Monday, May 2, 2011

AMD wants ARM SoC

ARM's CEO Warren East, ARM would try to persuade propose ARM chips the last ten years, without success yet. In fact, AMD is focused on x86 processors in the world, but nothing was forbidden to use ARM core or even - like Intel at a time - to develop a complete processor. AMD has licensed the ARM instruction set, it is after the acquisition of ATI was one for its GPU "Imageon.

And even if this branch of the company was sold to Qualcomm in 2008 - Adreno is the ATI - AMD still has a license. In the past, another major microprocessors proposed ARM chips: Intel has long marketed the StrongARM and XScale, before selling all at Marvell.
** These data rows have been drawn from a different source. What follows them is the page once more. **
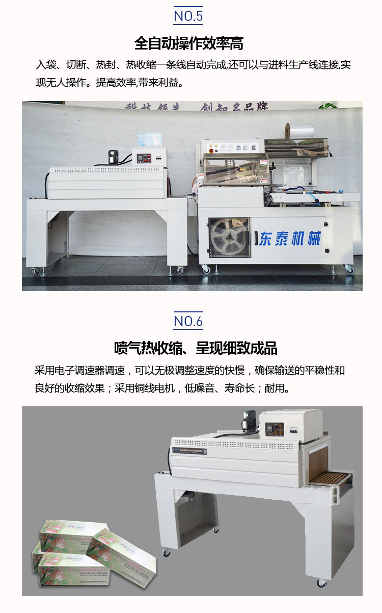 自動(dòng)塑料膜熱收縮包裝機(jī)結(jié)構(gòu)緊湊占地面積小,非常適合配套自動(dòng)包裝流水線完成產(chǎn)品的自動(dòng)無人化包裝,適合于單個(gè)物品包裝或有底托物品包裝。自動(dòng)送膜打孔裝置和手動(dòng)調(diào)節(jié)的導(dǎo)膜系統(tǒng)以及手動(dòng)調(diào)節(jié)的進(jìn)料輸送平臺(tái),可適于不同寬度和高度的產(chǎn)品,實(shí)現(xiàn)一臺(tái)機(jī)器滿足各種尺寸的包裝物品。
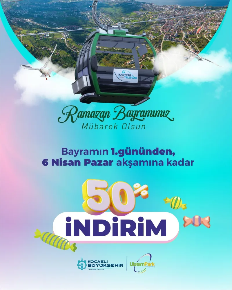Büyükşehir, Ramazan Bayramı’nda vatandaşlara Kartepe Teleferiğinde de çok özel bir indirim imkanı sunuyor. Büyükşehir’in vizyon projesi olan Kartepe Teleferiği, bayramın 1. gününden (30 Mart Pazar), 6 Nisan Pazar akşamına kadar yüzde 50 indirimli hizmet verecek. Sapanca Gölü ve şehir manzarası eşliğinde Kuzuyayla’ya çıkarak eşsiz doğanın tadını çıkarmak isteyenler 8 gün boyunca teleferikten yüzde 50 indirimli yararlanabilecek.
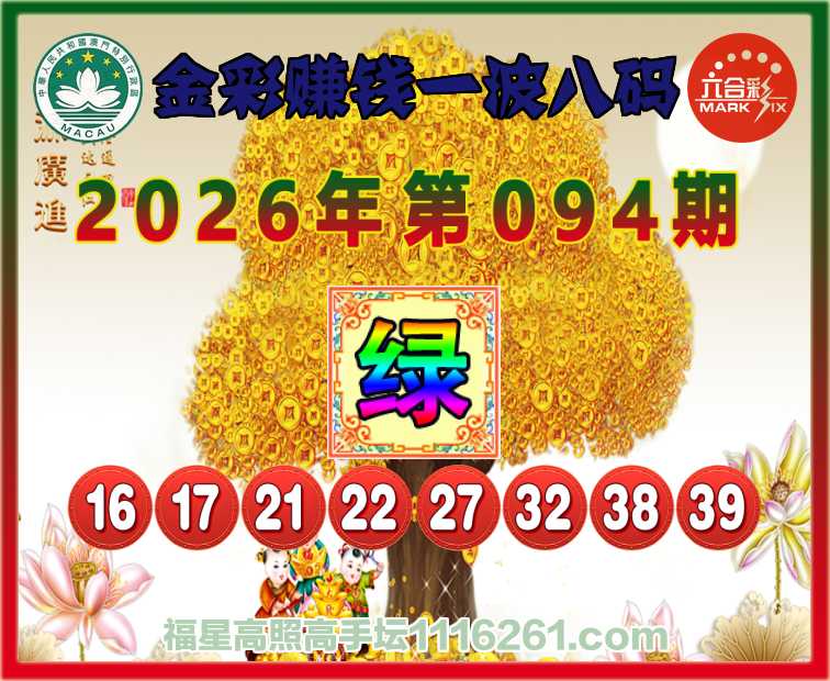 094期: 🌷《金彩赚钱》 🌷一波八码🌷【绿波】开:虎17
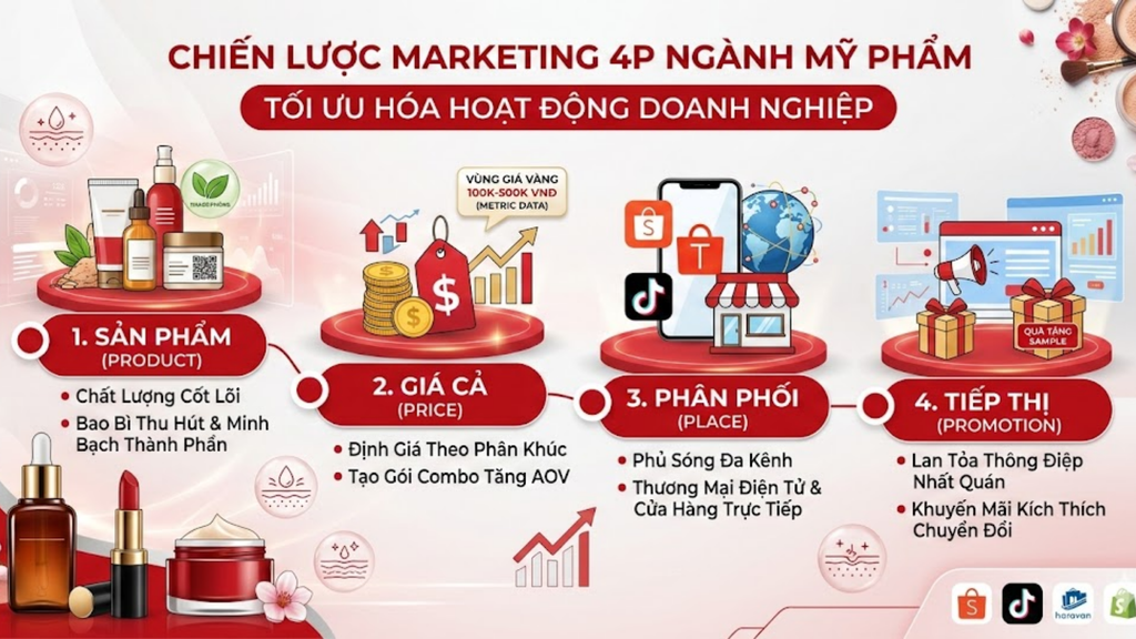 Từ việc tối ưu sản phẩm, định giá hợp lý, mở rộng kênh phân phối đến triển khai truyền thông hiệu quả, doanh nghiệp có thể xây dựng chiến lược marketing cho ngành mỹ phẩm toàn diện nhằm nâng cao nhận diện thương hiệu và gia tăng doanh số bền vững.
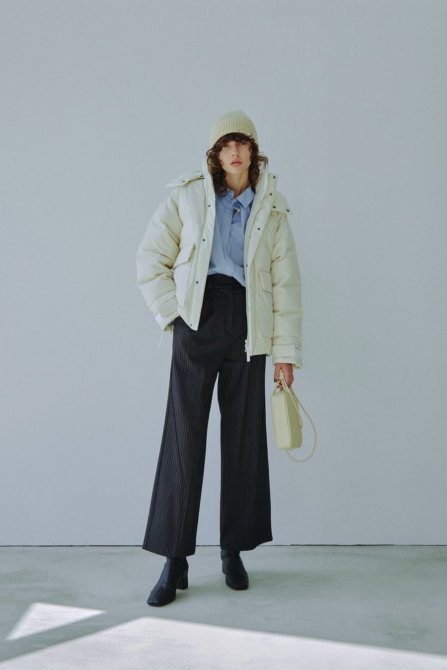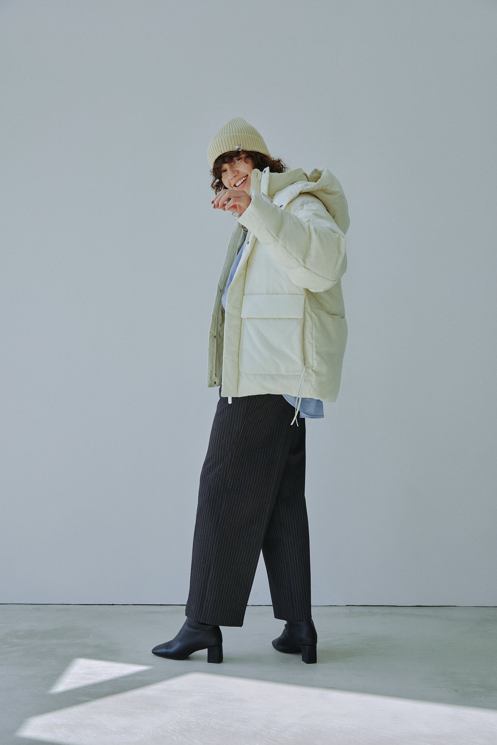 オーバーシルエットなので、厚手のニットやボリュームスリーブのアウターとしても活躍します。ニュアンスカラーがスポーティーすぎず、モードな装いに格上げしてくれます。
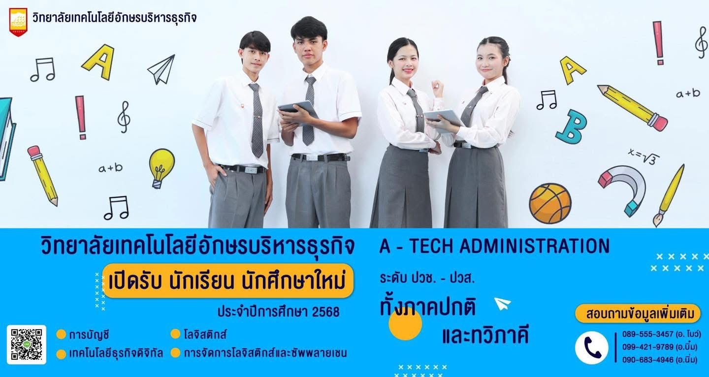 เปิดรับสมัครนักเรียน ระดับชั้น ปวช.และ ปวส. ปีการศึกษา 2568 สมัครเรียนได้ที่ วิทยาลัยเทคโนโลยีอักษรบริหารธุรกิจ (บ้านฉาง) หรือ สอบถามข้อมูล โทร. 038-604741 ต่อ 103

SoC - System on a chip, a chip that integrates GPU, CPU and chipset - based on AMD technology could have some success, and the arrival of Brazzos showed that AMD is able to offer products of interest on this type market, even if Brazzos is not really a SoC, since it requires a southbridge.

This would be the perfect time for a launch of a SoC: the Atom does not compete with ARM SoC level of consumption and AMD has two advantages over most of its competitors. Indeed, the Texan company has the resources to provide a powerful GPU and a powerful CPU, which is not entirely the case for its competitors.

If NVIDIA is an opponent of choice in the GPU, the company is not a specialist, CPU and Qualcomm - even with very good products - remains a society too young to fully compete with a company the size of AMD. Remains to be seen if AMD will offer a truly ARM SoC and it will be introduced relatively quickly to establish itself, AMD will announce its chip at the time of the release of Windows 8 and if possible before that NVIDIA does not sell the Denver project.